= Beginning of Section =

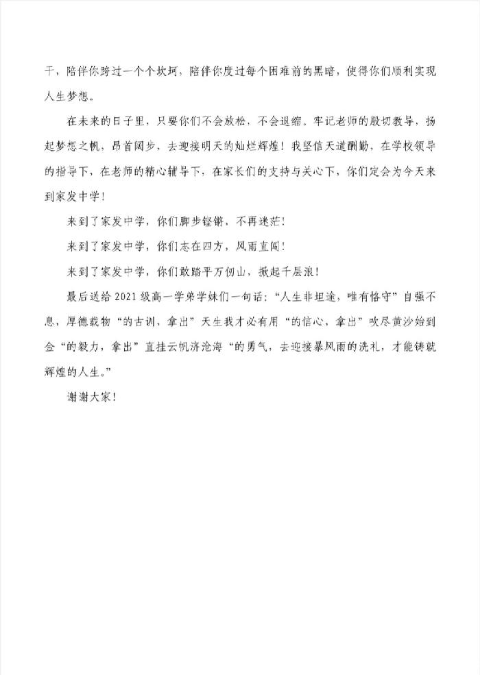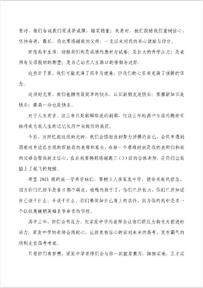 高中三年,一千多个日日夜夜的埋头苦读、拼搏奋进的时光在这里定格。理想和信念在这里交融,梦想与情感在这里汇合。匆匆三年,我们有过悲伤有过快乐,有过失败有过成功。我们经过高中三年的洗礼,终于脱去少年的青涩,变得自信而成熟。三年刻苦的学习,赋予我们智慧与力量;三年成长的历程,赋予我们深厚的师生情谊、真诚的同窗友谊。“此去须怀报国志,不忘春风化雨情”!谢谢所有爱我们的人,我会珍惜所有的感动,把每一份希望都握在手里。我永远是2021届家发中学的学子,我会一直微笑着前行.....
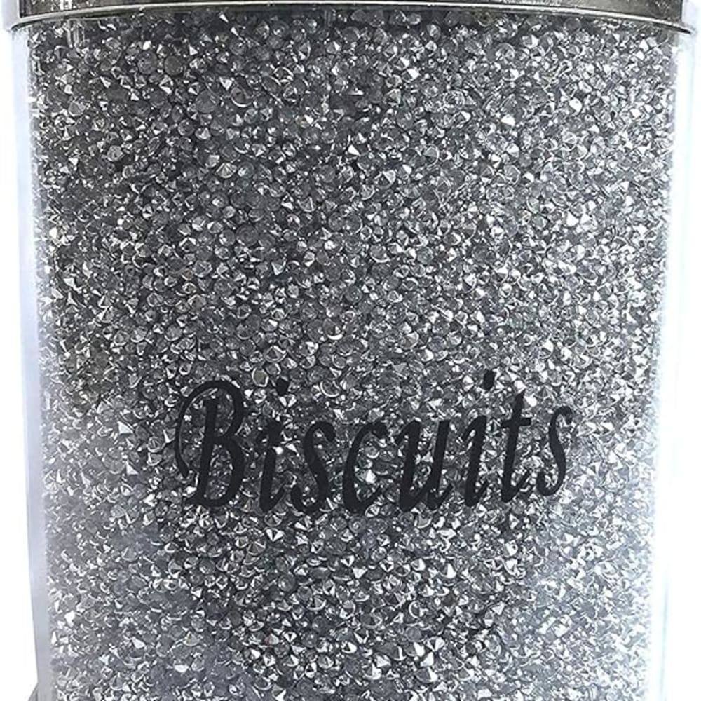 Silver Crushed Diamond Biscuit Canister Jar-H22cm Crystal Filled Kitchen Storage
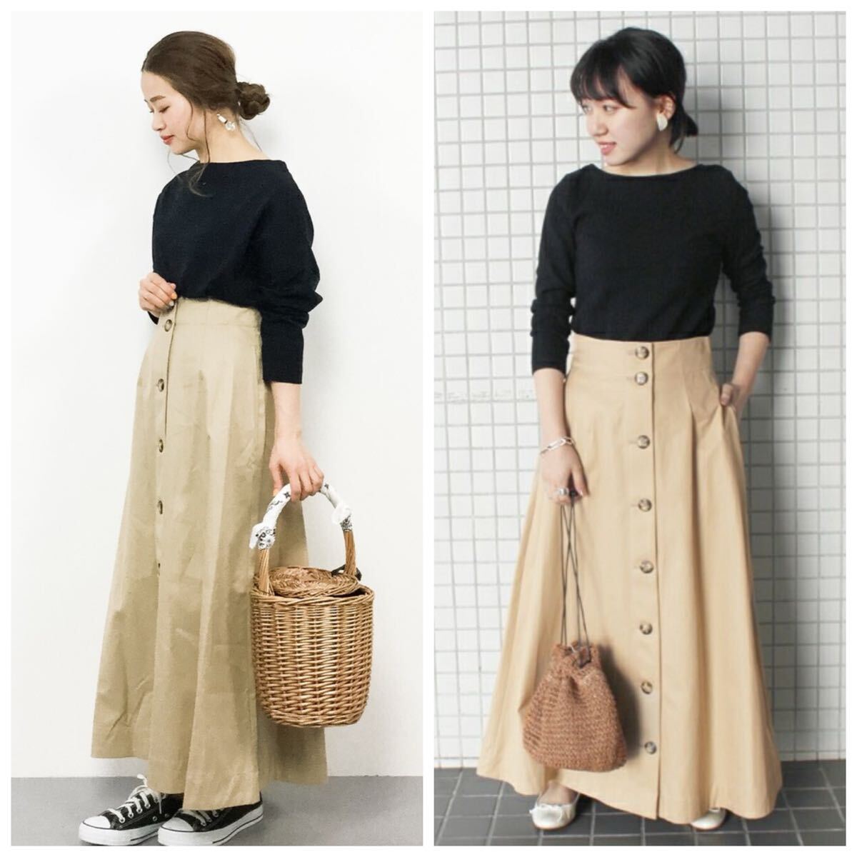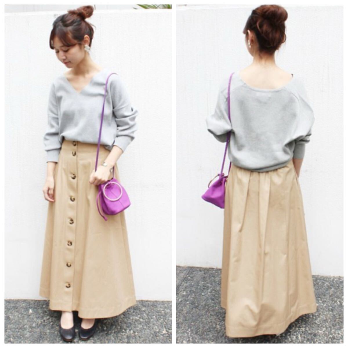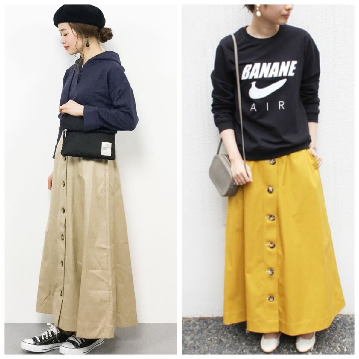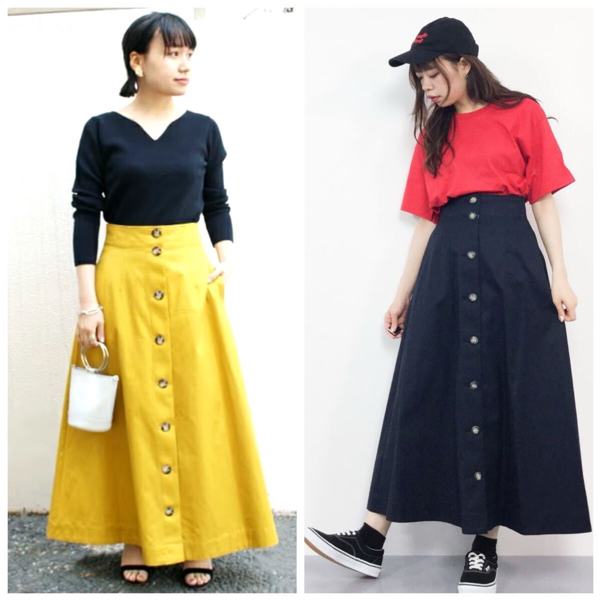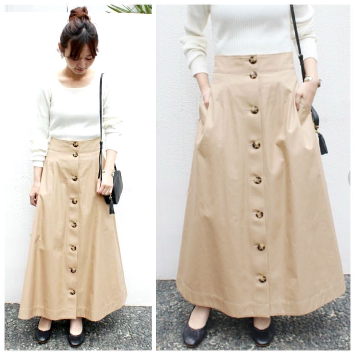 大きめのフロントボタンがトレンドライクなロングスカート。
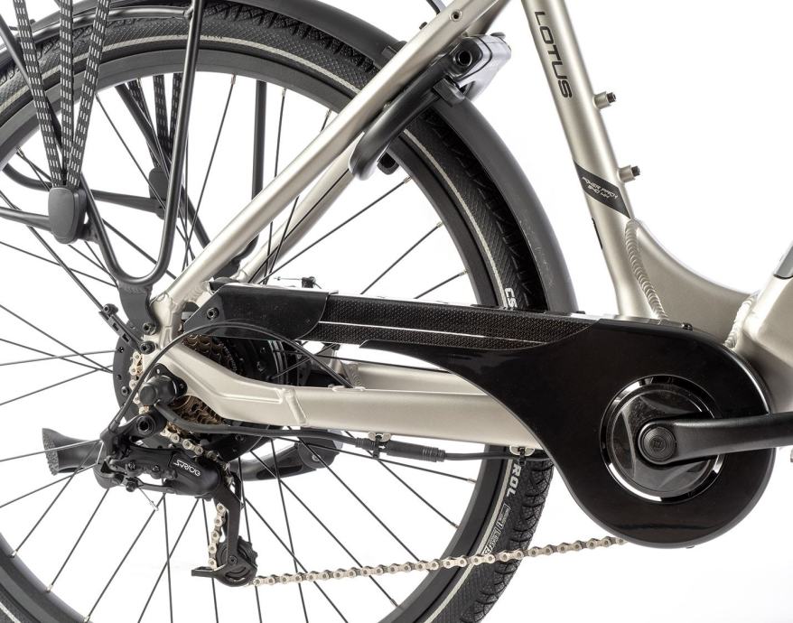 LEADER FOX LOTUS model 2023 je kvalitetan gradski električni bicikl elegantnog dizajna sa stražnjim pogonom, integriranom, aluminijskom ramom, opružnom prednjom vilicom, disk kočnicama i kotačima dimenzija 26“
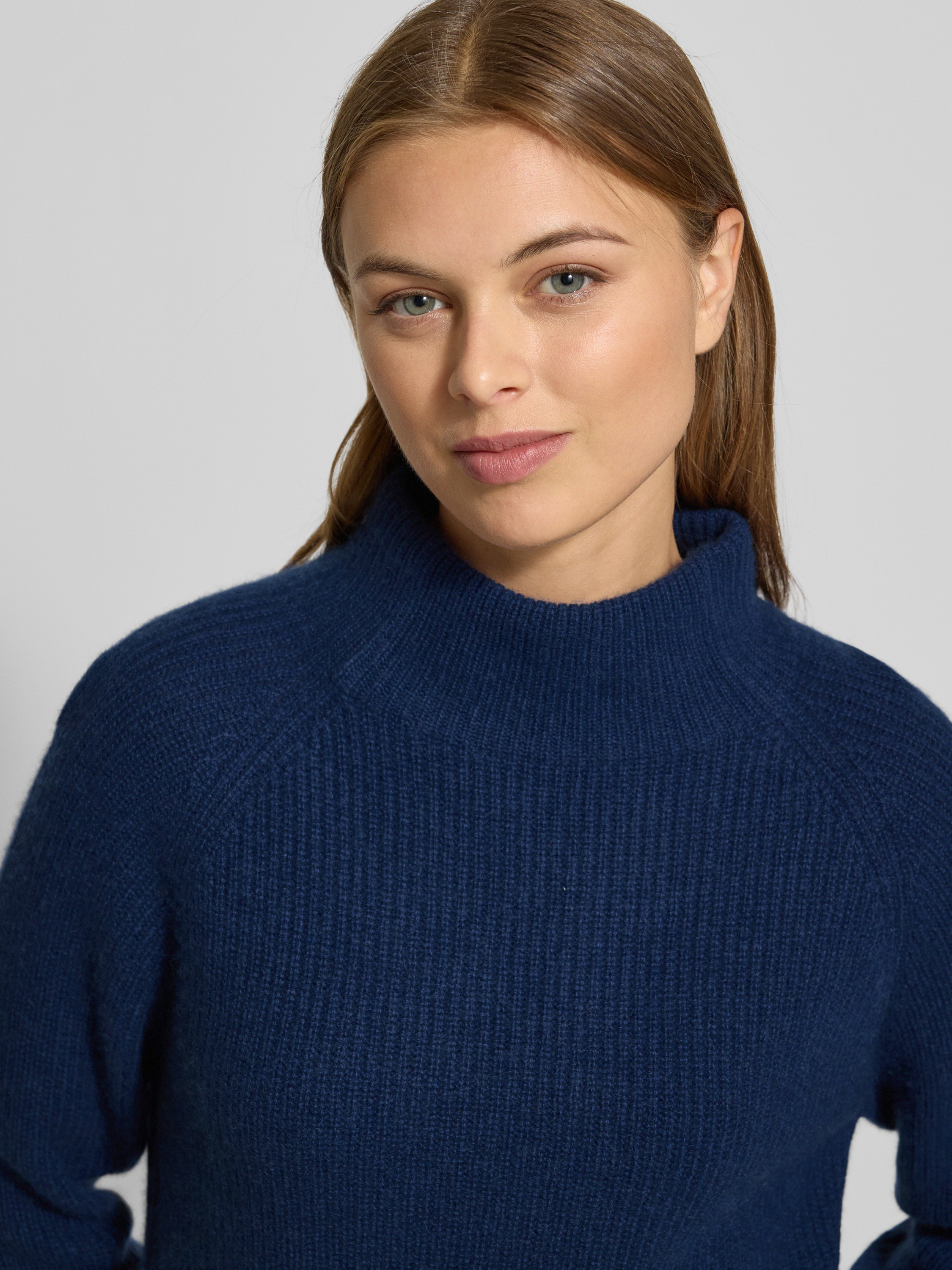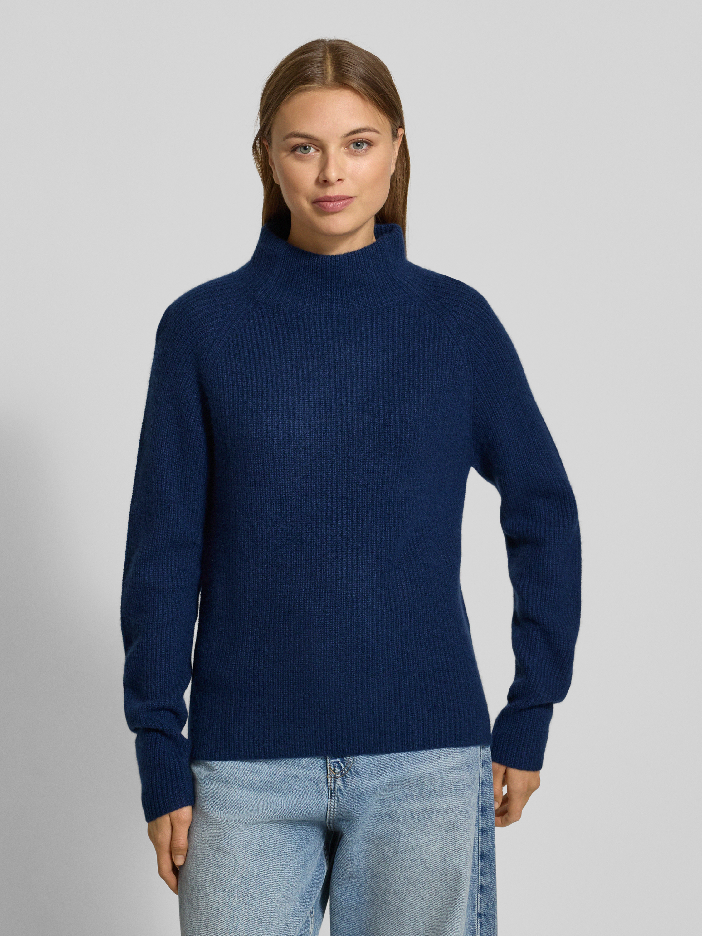 Fynch-HattonGebreide pullover van kasjmier met opstaande kraag in marineblauw
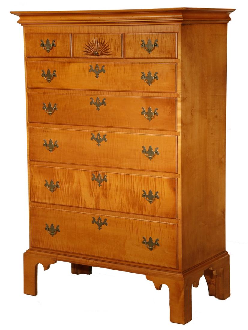 TIGER MAPLE HEPPLEWHITE TALL CHEST BY ELDRED WHEELER
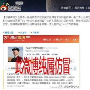 腾讯微博再次陷入抄袭门,近来非常受欢迎的“传说中的女网警”,成为了腾讯微博的最新抄袭对象。3月21日,“传说中的女网警”在新浪微博发表“郑重声明”,明确表示自己目前只在新浪开通了微博,其他网站的同名微博纯属假冒。
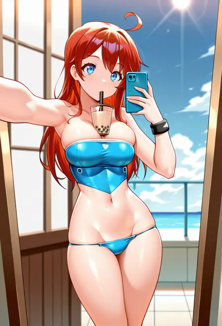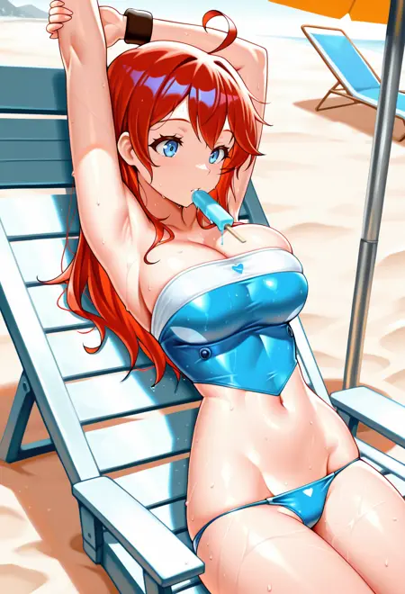 blue bikini, strapless swimsuit, tankini, wristband, bikini bottom only, lowleg bikini,
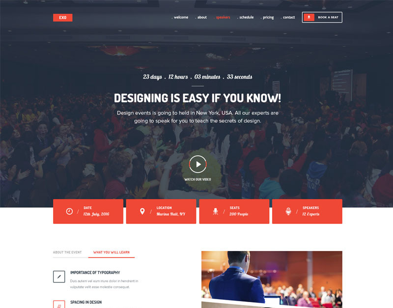 EXO to profesjonalny szablon konferencji i wydarzeń. Ten szablon HTML został specjalnie zaprojektowany dla stron internetowych firm związanych z konferencjami, spotkaniami, seminariami i wydarzeniami. Zawiera również twitter bootstrap 3, Video Popup, Countre, Beautiful Tab, Speakers, Gallery i wiele więcej.
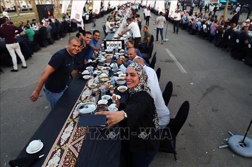 | Người dân Ai Cập bên bàn tiệc Iftar dài nhất thế giới tại Thủ đô hành chính mới của Ai Cập cách Cairo khoảng 50 km về phía đông ngày 1/6. Ảnh: THX/TTXVN |
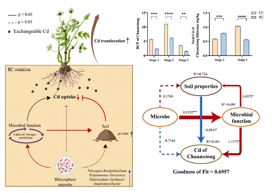 該研究采用多學(xué)科整合方法開展系統(tǒng)性探究:首先在四川鎘污染農(nóng)田設(shè)置?“稻?–?川芎輪作(RC)”?與?“川芎連作(CC)”?對照試驗,追蹤川芎全生育期生長指標(biāo);隨后通過HPLC測定活性成分、ICP-MS分析鎘含量、宏基因組解析根際微生物群落;結(jié)合土壤理化性質(zhì)檢測、酶活性分析,最終利用PLS-SEM模型構(gòu)建?“微生物?–?功能?–?土壤性質(zhì)?–?鎘積累”?調(diào)控網(wǎng)絡(luò)。研究發(fā)現(xiàn):
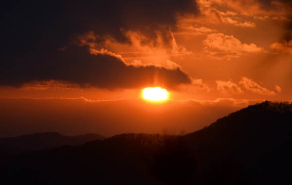 우리 일행이 이곳에 도착한 시간은 오후 5시 경이라 일몰이 시작하는 시간대이다. 하늘이 붉은 노을로 물들고 있다. 태양이 구름 속에서 나오는 붉은 노을을 보면서 연신 감탄한다.
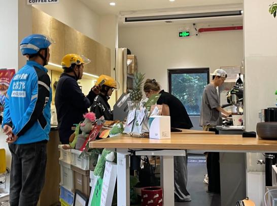 等到了10点,这家独立咖啡馆的外卖进入一个小高峰,最多的时候,店内同时来了4名外卖骑手。
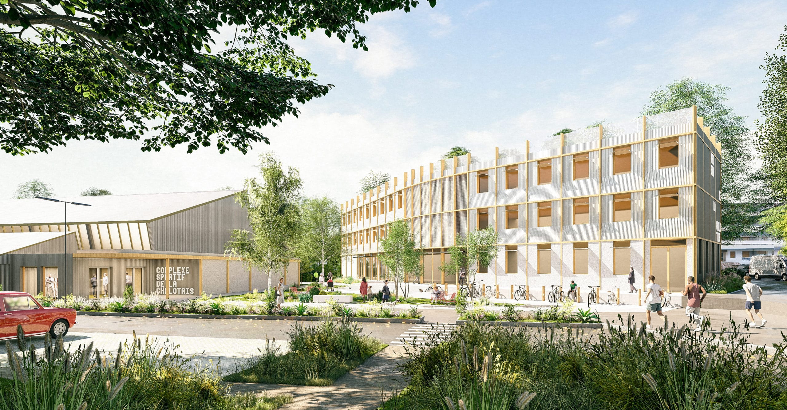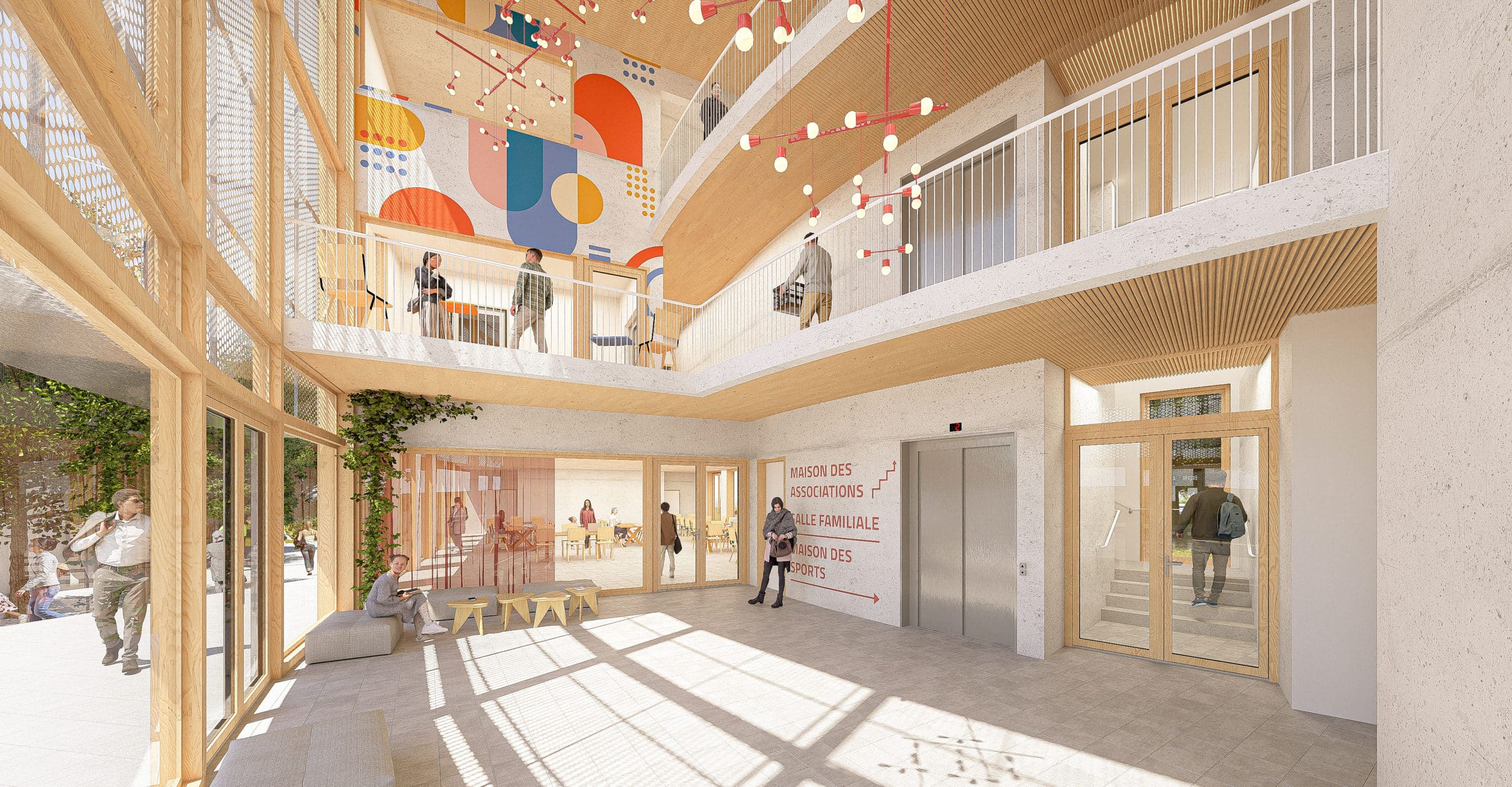 Reconstruction d’un équipement maisons des associations et des sports et aménagements des espaces extérieurs en cœur de ville, au sein d’un espace boisé : hall central, atrium, espaces de vie et de travail individuel et collectif, salles associatives, salle des familles, salle de réunion, espaces techniques…

= End of Section =

__TASK GOAL__
Start at the line above containing "大きめのフロントボタンがトレンドライクなロングスカート。" and stop at the line containing "blue bikini, strapless": print those lines and everything between them exactly, but not the pictures.

__COMPLETED EXERCISE__
 大きめのフロントボタンがトレンドライクなロングスカート。
 LEADER FOX LOTUS model 2023 je kvalitetan gradski električni bicikl elegantnog dizajna sa stražnjim pogonom, integriranom, aluminijskom ramom, opružnom prednjom vilicom, disk kočnicama i kotačima dimenzija 26“
 Fynch-HattonGebreide pullover van kasjmier met opstaande kraag in marineblauw
 TIGER MAPLE HEPPLEWHITE TALL CHEST BY ELDRED WHEELER
 腾讯微博再次陷入抄袭门,近来非常受欢迎的“传说中的女网警”,成为了腾讯微博的最新抄袭对象。3月21日,“传说中的女网警”在新浪微博发表“郑重声明”,明确表示自己目前只在新浪开通了微博,其他网站的同名微博纯属假冒。
 blue bikini, strapless swimsuit, tankini, wristband, bikini bottom only, lowleg bikini,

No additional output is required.